“Thanks.” I closed and locked the door after her, bewildered by her showing up. Eva and I talked during a lab—once—when we were both at college, but that was the extent of our limited association. As peer Mafia princesses, we’d always known of each other, but we were far from close.
“That’s my line to you,” she quipped, taking containers of soups and salads out of the bag she’d brought. I helped her, lining things up and wondering what Vik would like first. “Thank you, Irina.” Eva looked at me sincerely. “For helping me escape that day.”
I nodded.
“That took a lot of guts. Only a brave and intelligent woman would defy the orders of her father like that.”
“Thanks.”
She gave me a dry look. “Okay. That’s three times now. You can’t be that much of a ditz if Viktor wants you.”
I furrowed my brow, sitting since she did. Following others’ lead wasn’t my preference, but this was so weird that I was taking it all as it came. “So his type is ditzy women?”
She snorted a laugh. “No. Vik’s never had a type, but he can’t stand idiots in general.” She pointed a carrot stick at me. “So if he’s so smitten over you that he’s got Lev starting a mission to retrieve Igor Petrov’s son, you can’t be an idiot.”
“I feel like an idiot about him,” I admitted, feeling free to do something like girl talk with her.
“Why, because he was undercover and wasn’t upfront that he was a Baranov?”

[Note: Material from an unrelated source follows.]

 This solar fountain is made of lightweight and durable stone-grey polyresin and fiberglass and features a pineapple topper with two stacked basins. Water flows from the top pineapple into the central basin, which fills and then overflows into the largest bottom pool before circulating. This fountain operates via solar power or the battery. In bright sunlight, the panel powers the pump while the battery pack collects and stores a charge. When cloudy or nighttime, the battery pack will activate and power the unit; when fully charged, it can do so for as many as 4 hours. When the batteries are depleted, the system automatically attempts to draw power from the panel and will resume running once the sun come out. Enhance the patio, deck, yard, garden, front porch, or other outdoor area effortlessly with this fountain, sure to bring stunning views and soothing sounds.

That, and how quickly and thoroughly I’d fallen for him. Love made me vulnerable.
“I’ve been trying to figure out how that worked, anyway.” I frowned at my bowl of soup. “My guards never reacted to his being my professor.”

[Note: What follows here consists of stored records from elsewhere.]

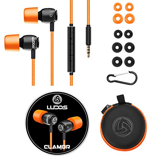LUDOS CLAMOR Auricolari In-Ear Cuffie con Microfono, Cuffiette Audio di alta Qualità, Memory Foam, Cavo Rinforzato, Bassi, Controllo del volume per iPhone, Samsung, Huawei, Computer, Portatile, PC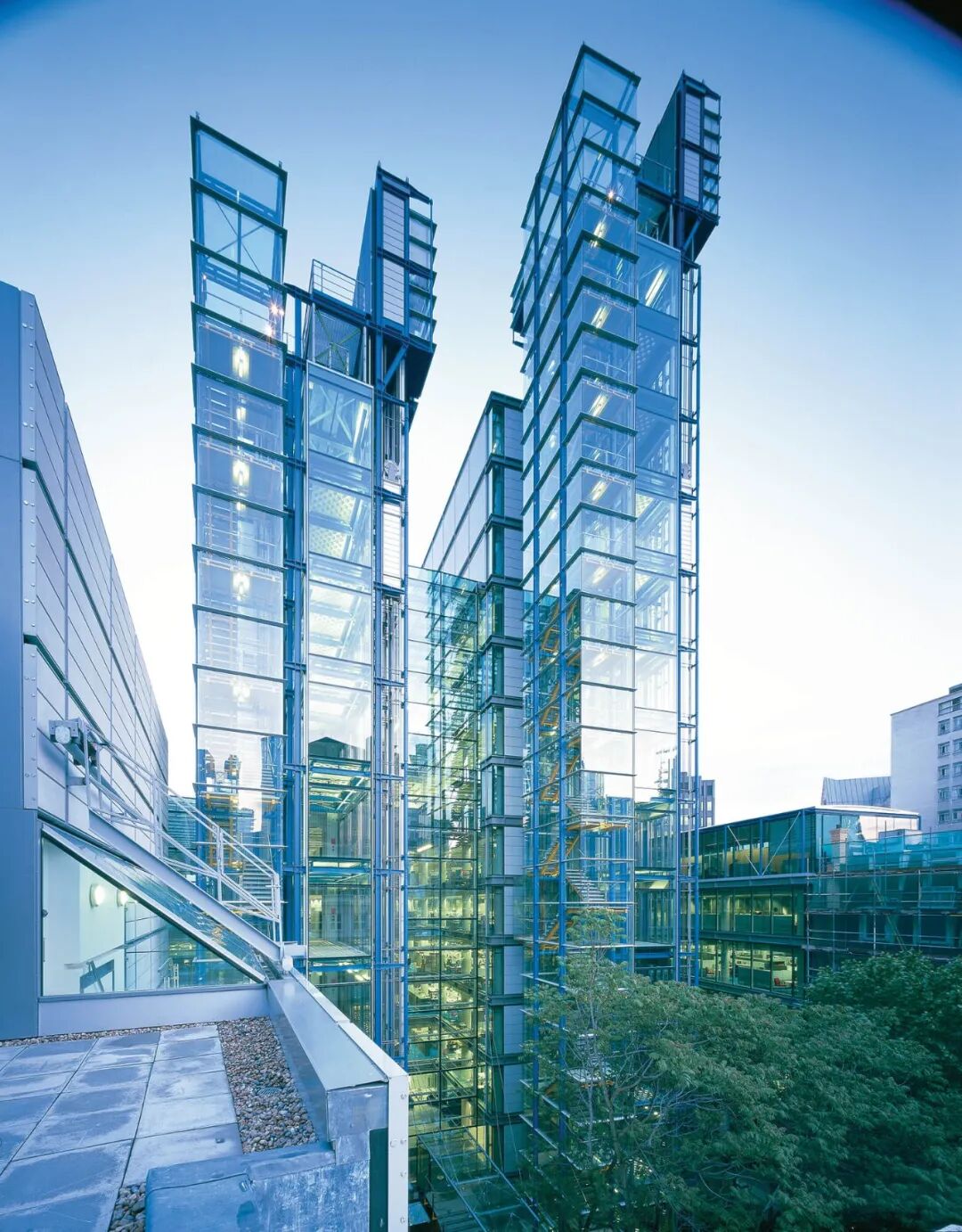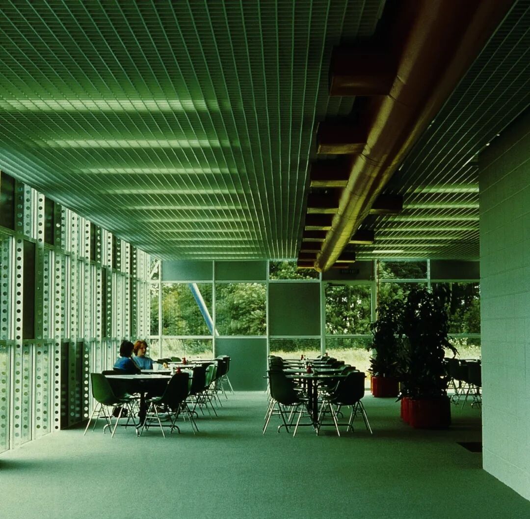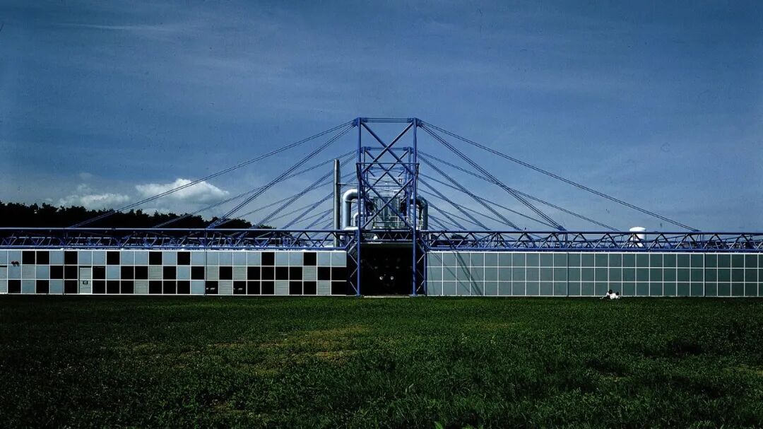 在南威尔士的 Inmos 微处理器工厂,罗杰斯延续了由内而外架构的理念。为了创造微芯片工厂所需的大型柱状空间,建筑物的屋顶由九座由管状钢制成的蓝色塔楼支撑。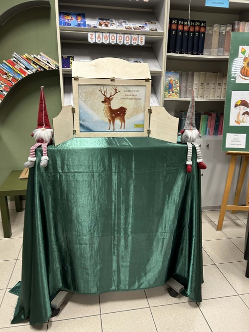 Następnie, wprowadzając w świąteczny klimat, dzieci odwiedziły bibliotekę szkolną, gdzie wysłuchały bajki „Jelonek Lucek i sanie Świętego Mikołaja”, przedstawionej w formie japońskiego teatrzyku Kamishibai. Ta niezwykła forma opowieści całkowicie pochłonęła uwagę małych słuchaczy, przenosząc ich do świata pełnego reniferów, śniegu i mikołajkowych przygód.

“They wouldn’t have.” Eva shrugged. “Viktor’s always been behind the scenes, managing the whorehouses for the family. He used to be a more active soldier when he was younger, but my uncle thought he had good management skills and put him in supervision in an area where weaker men often got distracted.”
I mulled over that for a moment, unsure about how to accept that.
“And this awkward quiet you’re giving me now means…?”
I searched for the right words. “Well, I was a virgin when I met him, and I can imagine all that he’s seen and done and…”
She smiled. “He supervised those places, Irina, not frequented them. I doubt you have worries there. If a man is willing to risk war for a woman, that’s saying something.” She resumed eating her lunch. “Viktor was also out of the country for a while, going off on a wild goose chase, so no one around here would’ve seen him out and about. Viktor just made the most sense to go undercover, and it worked well, since the Petrov and Ilyin guards didn’t react to his being on campus.”
“Do you miss it?” I asked her. “Going to school?”
She shrugged but ended that with a shake of her head. “No. I did, but Lev and I will get married this summer. And I hope we can start a family as soon as possible.”
“Lucky you.”
She raised her brows at me, and I regretted how snarky I sounded.
“Maybe you’ll beat us there.”
“Yeah, right.”
She set her fork down. “Do you doubt how serious Viktor is about you?”
“No. But I doubt your uncle will actually approve of any Baranov taking Maxim from my father.”
She opened and closed her mouth. “My uncle is a wise, careful, and considerate man.”
“For those in his family,” I corrected.
“True. And that includes Viktor. If Viktor insists on having you as his woman, then my uncle will need to appreciate that.”
“A marriage with an enemy?”
Her responding smile was slow but sure. “I think he might have opened his mind about how to perceive you when you helped me escape. Besides, it can happen. Maria, Oleg’s wife, was a former rival’s daughter. He only married her to thwart a bigger alliance. And they’re hardly together. She officially moved in with a retired soldier months ago.” She rolled her eyes. “She and Oleg are legally married but can’t stand each other, so they live apart.”